Almost everyone is familiar with at least some of the work of John Hughes, the writer behind a number of classics in the ’80s and ’90s, including Home Alone, Planes, Trains, and Automobiles, Breakfast Club, Sixteen Candles, Uncle Buck, and so many more. Hughes, however, was a notoriously private man. He retired from public life in 1994 and very rarely granted interviews up until his death in 2009. It’s not like he went into hiding, however. John Hughes simply returned back to his Chicago-area home and lived out the rest of his life.
It was during that period that Vince Vaughn befriended Hughes. Vaughn is from Lake Forest, Illinois, which is from where John Hughes hailed — many of his films were also set in the Chicago suburbs in towns like Lake Forest. “John was so special, and I had the fortune to get to know him really well,” Vaughn told his Dodgeball co-star Justin Long on this week’s episode of the Life is Short podcast. “Later in life, once I had had some success, I reached out to him just as a fan, and he was so gracious to me.”
“John did so much for me,” Vaughn continued. “He did so much for people, be it financially, giving to causes, and giving to people, and also with his time. He never took public attention for it. Like, when he passed away, there were some pen pal letters that came out,” Vaugh added. “A girl sent into a magazine … these letters that she had as an exchange with John. What she didn’t realize is that she was one of very many” kids with whom John exchanged letters.
Hughes also told Vaughn that, at the time of his biggest success, he had a hard time getting a lot of the films he wrote with female leads made. The studios would say, “Yeah, we can’t have a girl as the lead because men make the purchase choices. The men decide what to go to, and John said to them, ‘What house do you live in? There’s a lot of decisions being made by the women.” Meanwhile, John — “who was just a great listener and a great writer, wrote these terrific [female] characters whether it was Sixteen Candles, Breakfast Club, or Pretty in Pink.”

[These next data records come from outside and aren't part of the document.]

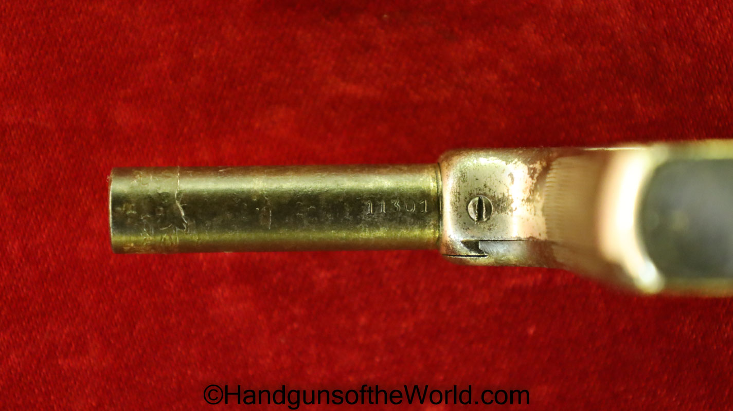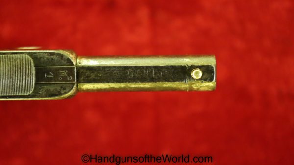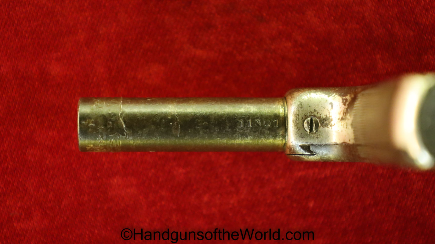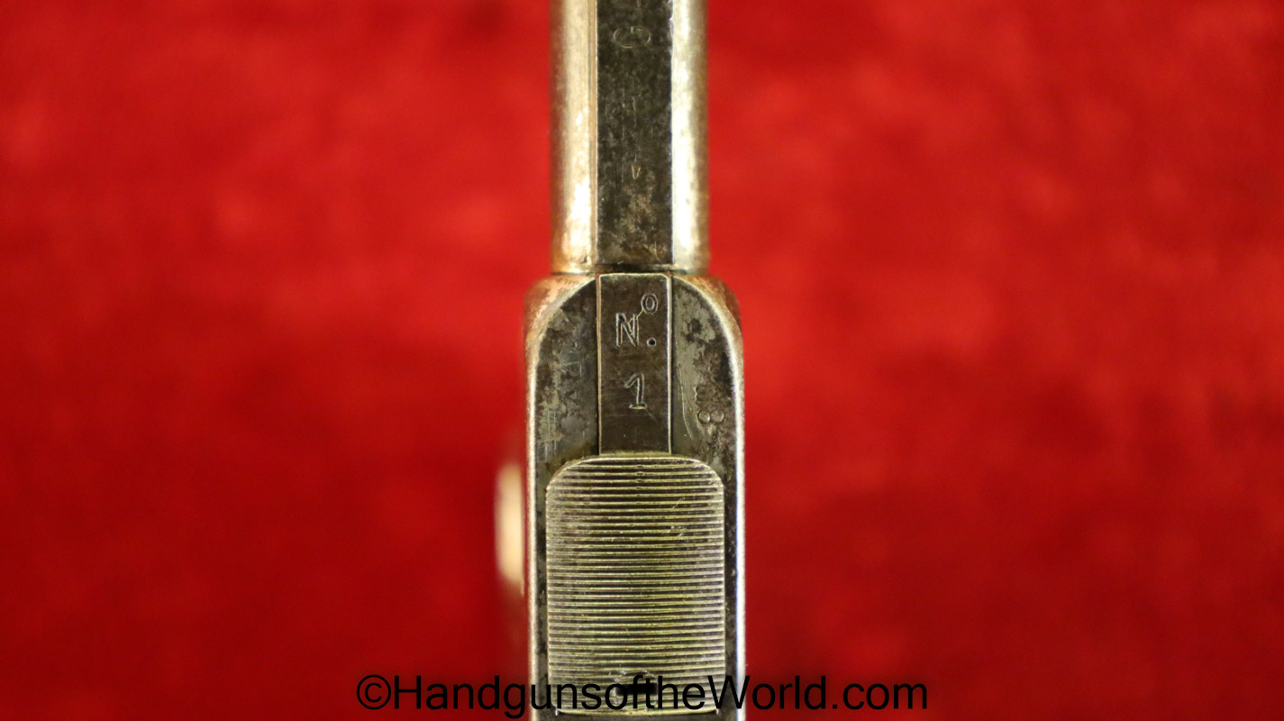 Gaulois No 1, 8mm Palm Pistol. This has the black Bakelite palm grip which shows a chip at the top. This has all matching numbers, about 30% factory nickel and the bore is Poor. Antique.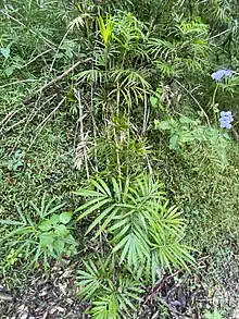 Fertile inflorescences are up to 1 m (3 ft 3 in) long and flowering occurs in all months of the year.[5] The fruits are a globose drupe about 12–16 mm (0.47–0.63 in) in diameter, containing a single seed.[4][5][6]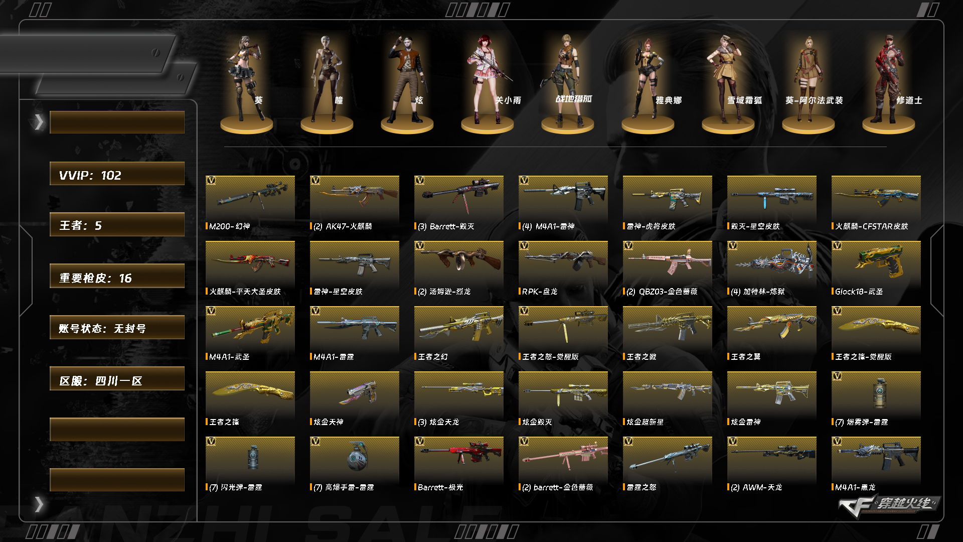 abc11005/西部/四川一区/钱包注销/可排位/可二次/掌火id:/100v/幻神/雷霆套/5炼狱/4修罗/q金色蔷薇/天龙/毁灭/极光/雷神/火麒麟/黑龙/【四防未开】/关小雨/【角色】/葵/瞳/炫/零纪元/战地猎狐/葵阿尔法武装/修道士/雪域霜狐/【音效卡】/毁灭音效卡

John was “always kind and connected, and he never lost that sense of being a child,” Vaughn added. One of the many surprising things that Vaughn learned about Hughes was when he went to his funeral and “so many people came in and got up and spoke about how much he meant to them. There was a young Black man who … didn’t have a father figure. John took him under his wing, so much so that he took the kid to all the Blackhawks games with the family. John would take him to vacations in Europe. He became part of the fabric of the family.” Vaughn said that the kid, who is now an adult, spoke at length about how he has had a successful life and a family of his own because of the lessons he learned from Hughes.
“He did great things in his life because he was a beautiful person,” concluded Vaughn, who also stresses (correctly) that there hasn’t been a better teen movie made in the 35 years since The Breakfast Club.
Vaughn is currently promoting his body-swap horror flick, Freaky, currently in theaters.